Question

Understanding Contrasts when analyzing DESeq2 results

0

Entering edit mode

Amit Indap ▴ 10

@amit-indap-3958

Last seen 2.4 years ago

United States

Dear Bioconductor/DESeq2 community,

I am trying to analyze RNAseq data with DESseq2 and have a question about contrasts and interactions. I have RNAseq data on untreated and treated cells collected at 4 different time points. I have quantified my transcripts using salmon. Initially, I was performing DESeq2 analysis at each time point separately.

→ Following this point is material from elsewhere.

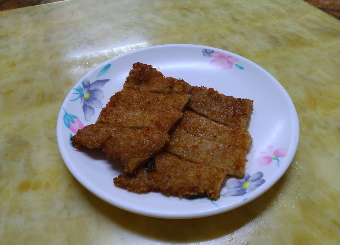 店家的招牌就同店名-糊塗麵,是類似熗鍋麵,先炒過料後加麵加高湯煮出來的。麵條是粗的家常麵,我很愛,很有嚼勁口感很好。料有青菜、蛋、肉絲,肉絲放得不手軟,很多。湯頭很香很好喝,有點像勾芡但其實不是,是麵粉ㄧ起煮出來的。麵超級有夠大碗,老闆端上來嚇到我。炸排骨也很好吃,醃得香,麵衣跟肉處理的很好完全不會分離。

For example, here is the sample file for testing for differential expression at 2hr:

sample,condition,replicate 1,mock.2hr,1 2,mock.2hr,2 3,mock.2hr,3 4,infected.2hr,1 5,infected.2hr,2 6,infected.2hr,3

Here is my code snippet

# set the factor levels
dds$condition <- factor(dds$condition, levels = c("mock.2hr","infected.2hr"))

#get rid of low count data
keep <- rowSums(counts(dds)) >= 10
dds <- dds[keep,]



#perform the dfe analysis based on negative binomial model and get the results
dds <- DESeq(dds)
res <- results(dds)

But then after reading the documentation on contrasts I re-ran my analysis with the following sample list:

sample,condition,replicate 1,mock.2hr,1 2,mock.2hr,2 3,mock.2hr,3 4,infected.2hr,1 5,infected.2hr,2 6,infected.2hr,3 7,mock.4hr,1 8,mock.4hr,2 9,mock.4hr,3 10,infected.4hr,1 11,infected.4hr,2 12,infected.4hr,3 13,mock.6hr,1 14,mock.6hr,2 15,mock.6hr,3 16,infected.6hr,1 17,infected.6hr,2 18,infected.6hr,3 19,mock.8hr,1 20,mock.8hr,2 21,mock.8hr,3 22,infected.8hr,1 23,infected.8hr,2 24,infected.8hr,3

Similar code snippet

dds <- DESeqDataSetFromTximport(txi, colData = samples, design = ~ condition ) dds$condition <- factor(dds$condition, levels = c("mock.2hr", "infected.2hr", "mock.4hr", "infected.4hr", "mock.6hr", "infected.6hr", "mock.8hr", "infected.8hr"))

#get rid of low count data keep <- rowSums(counts(dds)) >= 10 dds <- dds[keep,]

#perform the dfe analysis based on negative binomial model and get the results dds <- DESeq(dds) res <- results(dds)

resultsNames(dds)

results(dds, contrast=c("condition","mock.2hr","infected.2hr"))

However, when I compare results from the 1st set of results two the second set of results, I was expecting the same results, but they are slightly different

"transcript","baseMean","log2FoldChange","lfcSE","stat","pvalue","padj"

"tx1",175.15081857585,-0.0714999820256329,0.128181252816721,-0.557803738491045,0.576978409578714,0.807919847826457

"tx1",183.390698,0.13396380,0.1621473,0.82618589,0.4086986,0.6802349

I feel like I'm misunderstanding how contrasts work. Can someone help me clear up my confusion?

deseq2 extracting contrasts rnaseq interaction term • 7.8k views

ADD COMMENT • link updated 6.7 years ago by swbarnes2 ★ 1.4k • written 6.8 years ago by Amit Indap ▴ 10

score 1 · Answer 1 · 2018-07-02

I don't think you should expect those two methods to return the same answer...though they both return that the fold change, if any, is very small, and the p-value is so bad, you would conclude in both cases that there is no significant difference.

At the very least, the first way, all samples are being normalized based on whatever gene has the median expression between those 6 samples. The second way, the samples are being normalized by whatever gene is the median expression of all the samples. That's probably a different gene, leading to different normalization, and that might be slightly shifting the normalized counts around to turn a tiny change one way into a tiny change the other way.

score 0 · Answer 2 · 2018-06-28

0

Entering edit mode

Michael Love 43k

@mikelove

Last seen 8 days ago

United States

Can you look up the FAQ in the vignette? There is one explaining how you can obtain different results from including all groups or just two.

ADD COMMENT • link 6.8 years ago Michael Love 43k

0

Entering edit mode

Thanks for your reply, Michael. I forgot to check the FAQ. I read If I have multiple groups, should I run all together or split into pairs of groups? Is it because the dispersion parameter is different, then?